*WORK TO BE COMPLETED*.
Reproduce the material below line by line, beginning with its first line and ending with the line that contains "blue brushed felt"; leave out pictures.

*RECORDED INFORMATION*.
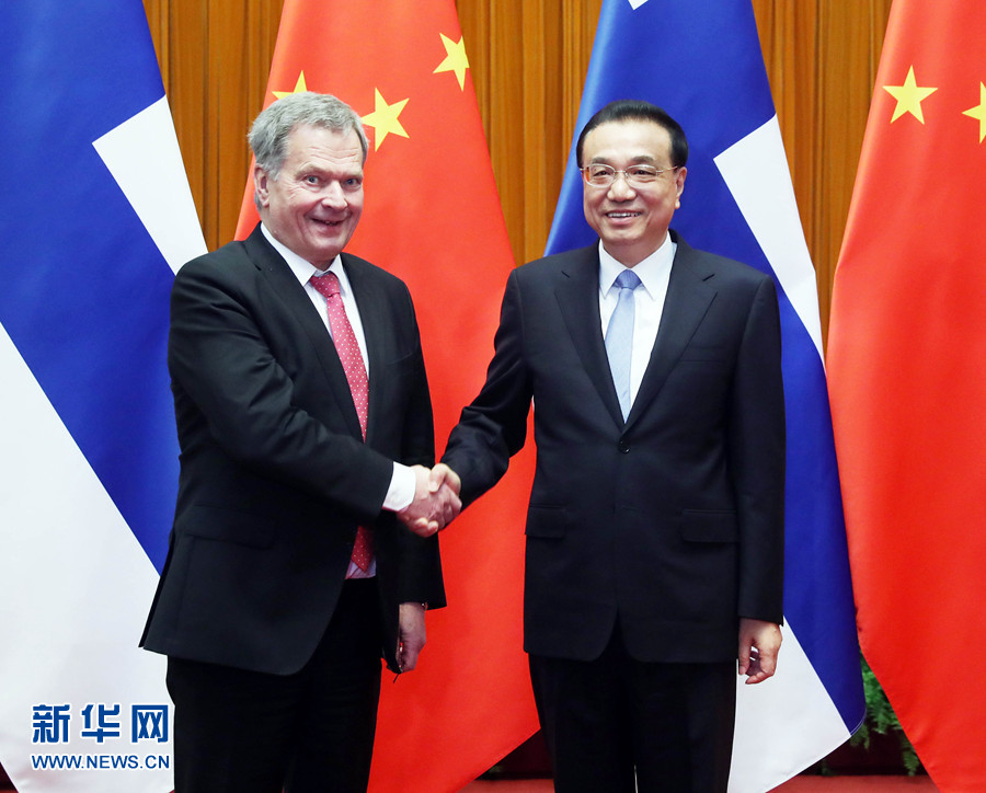 李克強表示,中芬關系長期以來保持良好穩(wěn)定發(fā)展,走在中國同西方國家關系的前列。昨天,習近平主席同總統(tǒng)先生舉行了富有成果的會談,共同規(guī)劃兩國關系未來發(fā)展。中方愿同芬方繼續(xù)努力,推動中芬合作取得更多新成果,為中芬關系不斷注入新動力。
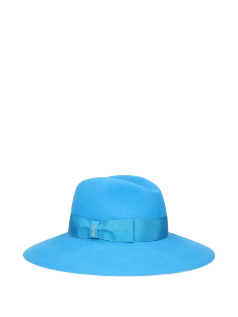 blue brushed felt wide brim grosgrain ribbon bow detail flat crown
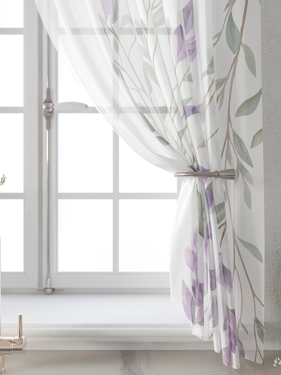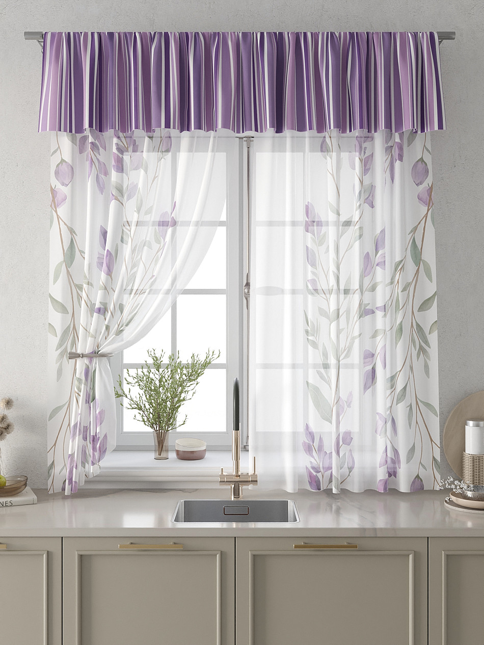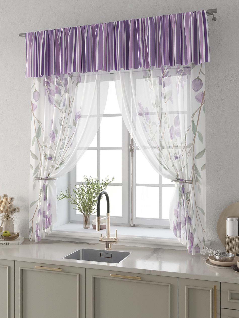 Вуаль 150х180 см. — 2 шт., Ламбрекен 300х40 см. — 1 шт. Комплект штор из вуали оформлены печатным рисунком. Печатный рисунок дает широкие возможности обновить интерьер фактически не требуя ремонта за счет огромного выбора. Ткани с печатным рисунком безопасны и не содержат токсичных веществ. Не смотря на то, что материал легкий, он имеет высокую плотность, мало загрязнятся и не требует особого ухода даже после стирки, что важно для кухонных занавесок. Тюль не выцветает, не растягивается, превосходно драпируются, образуя струящиеся складки. Прекрасное решение для создания красоты и уюта с помощью уникальных дизайнов.
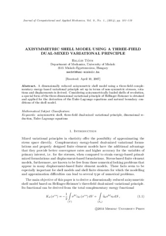 Tóth, Balázs (2014) Axisymmetric shell model using a three-field dual-mixed variational principle. JOURNAL OF COMPUTATIONAL AND APPLIED MECHANICS, 9 (1). pp. 101-119. ISSN 1586-2070

*WRITTEN REPLY*.
 李克強表示,中芬關系長期以來保持良好穩(wěn)定發(fā)展,走在中國同西方國家關系的前列。昨天,習近平主席同總統(tǒng)先生舉行了富有成果的會談,共同規(guī)劃兩國關系未來發(fā)展。中方愿同芬方繼續(xù)努力,推動中芬合作取得更多新成果,為中芬關系不斷注入新動力。
 blue brushed felt wide brim grosgrain ribbon bow detail flat crown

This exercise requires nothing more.